Метки
Описание
У юной ведьмы свой путь. На тех тропах есть любовь и ненависть, погони и затишье, слезы и радость, грозы и солнечные дни. Попасться Инквизиции на глаза легко, сбежать - тяжелее. Отомстить - почти невозможно. Но идея сладкой мести теперь единственное, что гонит вперед и заставляет жить. Люди сломали всё: семью, доверие, жизнь. Прошлое и будущее. Они ведь заслуживают того, что им уготовано?
Пролог
21 февраля 2021, 01:42
Я бегу.
Убегаю так быстро, как только позволяют ноги.
Я - ветер, что несется в кронах, путается в траве, ворошит опалые листья.
Меня хлыстают ветки по лицу, ноги подворачиваются на корнях – лес будто нарочно опрокидывал меня навзничь. А я каждый раз встаю. И в босые пятки въедается хвоя и грязь, и длинная ритуальная рубаха слиплась в мокрый ком в коленях, мешая рывкам.
Лес полнится звуками. Хрустом хвороста под моими ногами, ветряными порывами где-то в кронах, беспокойным ночным зверьем, что бежит со мной в унисон. Моим отчаянным дыханием и всхлипываниями, лаем собак и гомоном людей. Где-то меж крючковатых стволов виднеются огни. Звучат первые оглушительные выстрелы. Метят не то в воздух, не то куда-то вперед, даже не надеясь попасть. Просто гонят. Пугают. И это работает.
Сердце скачет бешеным зайцем, я давлюсь своими легкими. Вот-вот и слюна пеной пойдет. А бежать дальше нет сил. Страх гонит вперед, но даже быстроногие лошади иногда падают бездыханными в мыле. Нужно отдохнуть.
Ноги останавливаются, скользят по листве. Я сгибаюсь в три погибели, упираюсь ладонями в колени. Стою так совсем недолго. Воздуха всё ещё катастрофически не хватает. Жадно глотаю его, будто это может ещё помочь. А сил бежать уже нет. Размазываю слезы по лицу, одергиваю рубаху, и снова срываюсь с места. А потом снова останавливаюсь. И снова пытаюсь бежать. Не выходит. Кажется, что сейчас умру.
А погоня всё ближе. Я слышу, как собаки заходятся в жадном лае, чувствуя, что уже почти нагнали жертву. Я слышу, как ликуют люди, видящие мой белый саван меж деревьев. И псы уже подбираются совсем близко, и простые мороки их уже не дурманят. Я в ловушке.
Нет.
Нет!
Я не хочу умирать!

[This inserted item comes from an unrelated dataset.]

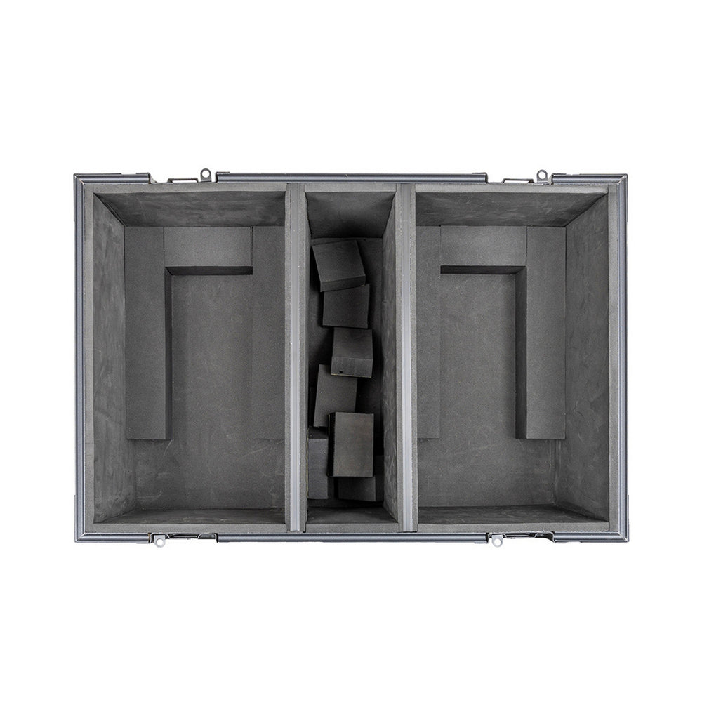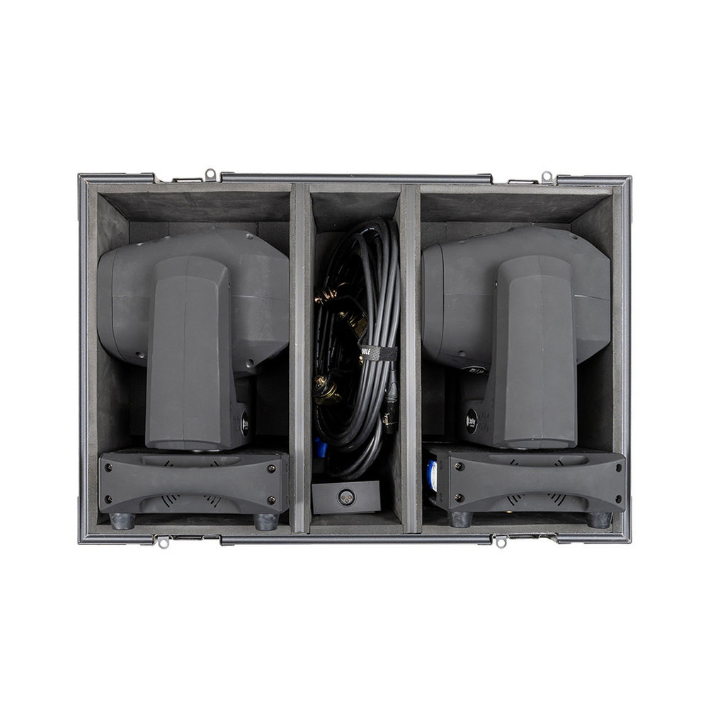 • Flight case designed for two fixtures with separate compartments and space for accessories

Не хочу на костер! Хватит с меня. Я буду бежать дальше. Пусть задохнусь, собью все ноги в кровь, упаду, сломаю что-нибудь, только б прожить ещё год!
И я мчусь вперед. Нет времени плести сети, уводя собак. Нет дыхания, чтобы бежать дальше. Нет безопасного места, где бы я могла укрыться. А небо хмурится, будто вовсе и не одобряя моих действий. Вот-вот, и оно заплачет над моим обездвиженным телом. А мне плевать! Пусть меня трижды проклянут все существующие Боги, но не пойду я в огонь!

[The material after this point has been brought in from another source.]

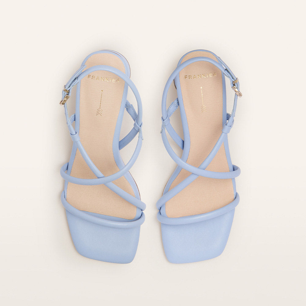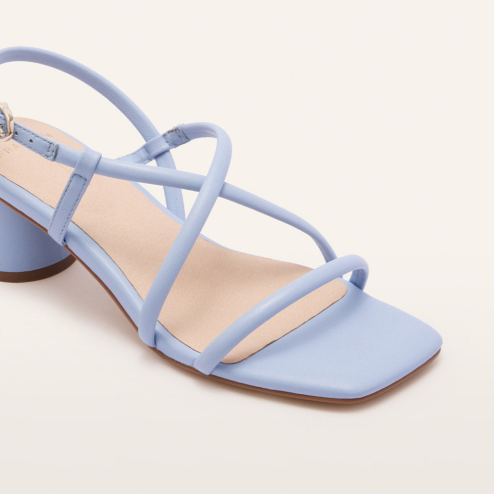 Brighten your step with Lottie in Cornflower, a mid-height strappy sandal crafted to flatter and delight. Our podiatrist-designed LuxaLite® footbed provides lightweight, contoured support exactly where you need it, giving you the sleek style you desire with tech that delivers longer-lasting comfort. Set atop a mid-height heel and finished in fine leather with a plush, strappy silhouette, flattering criss-cross design, and adjustable backstrap, this sandal is as chic as it is wearable.

Очередной рывок, ноги как-то особенно долго в воздухе. Дальше – острая боль под ребрами. Мир быстро завертелся, стволы зарябили в глазах. Небо сменяло землю, а земля – небо. Голова закружилась. Я не могу вздохнуть. Лежу в грязи, а тело в судороге сводит. В глазах темнеет, воздух никак в легкие не пройдет. И саднит плечо очень.
Встать тяжело. Но я встаю. Нога одна не слушается, я её к себе подволакиваю, плечо рукой держу. Почему-то так кажется, что боли будет меньше. Дышу отрывками, совсем не глубоко – иначе снова упаду. Поднимаю глаза.
В лесу совсем темно – ночь, август, теперь ещё и дождь собирался. Вдруг небо разрезает пламенный язык молнии, сетью разбегается за горизонт. Он полыхнул ярко, осветил лес всего на мгновение. И лучше бы он этого не делал – умерла бы в неведении, и лучше б было.
Передо мной стоял мальчишка. Безусый ещё совсем. Уши двумя лопухами, лицо по-детски припухшее, и рыжий мокрый ворох волос. Парень вырастал длинным сухопарым силуэтом из лесной грязи, в тёмной охотничьей одежде и болотных сапогах. Руки, узловатые, красные от холода, держат ружье. Тяжелое, с каким на медведя идут. И два черных дула направлены на меня. А ствол ходуном ходит – парня колотит мелкая дрожь. И меня тоже.
У его ног вьётся пёс. Весь подобрался, пасть ощерил. Щетина на загривке дыбом стоит. Скалит зубы, на задние лапы присел, готовясь к прыжку. А там – один рывок, впиться в горло и зубы сжать посильнее. У таких, мастью крупных и мощных лапами, хватка крепкая. Не вырвусь. Если сразу не удавит, то дождется людей. А там и до огней инквизиции недалеко. Плавали, знаем.
-Н-не надо… - я опасливо приподнимаю руки.
В алеющих от холода ладонях лежит молчаливая просьба не стрелять. Не просьба даже, мольба скорее. У меня дрожат губы, глаза почти не видят от слез и грязи. А мальчик, весь белый лицом, вдруг замирает.
Выстрел сотрясает землю. И лес замолк, и гроза вдруг стихла. Кажется, и весь мир замер.
А ведь всё так хорошо начиналось.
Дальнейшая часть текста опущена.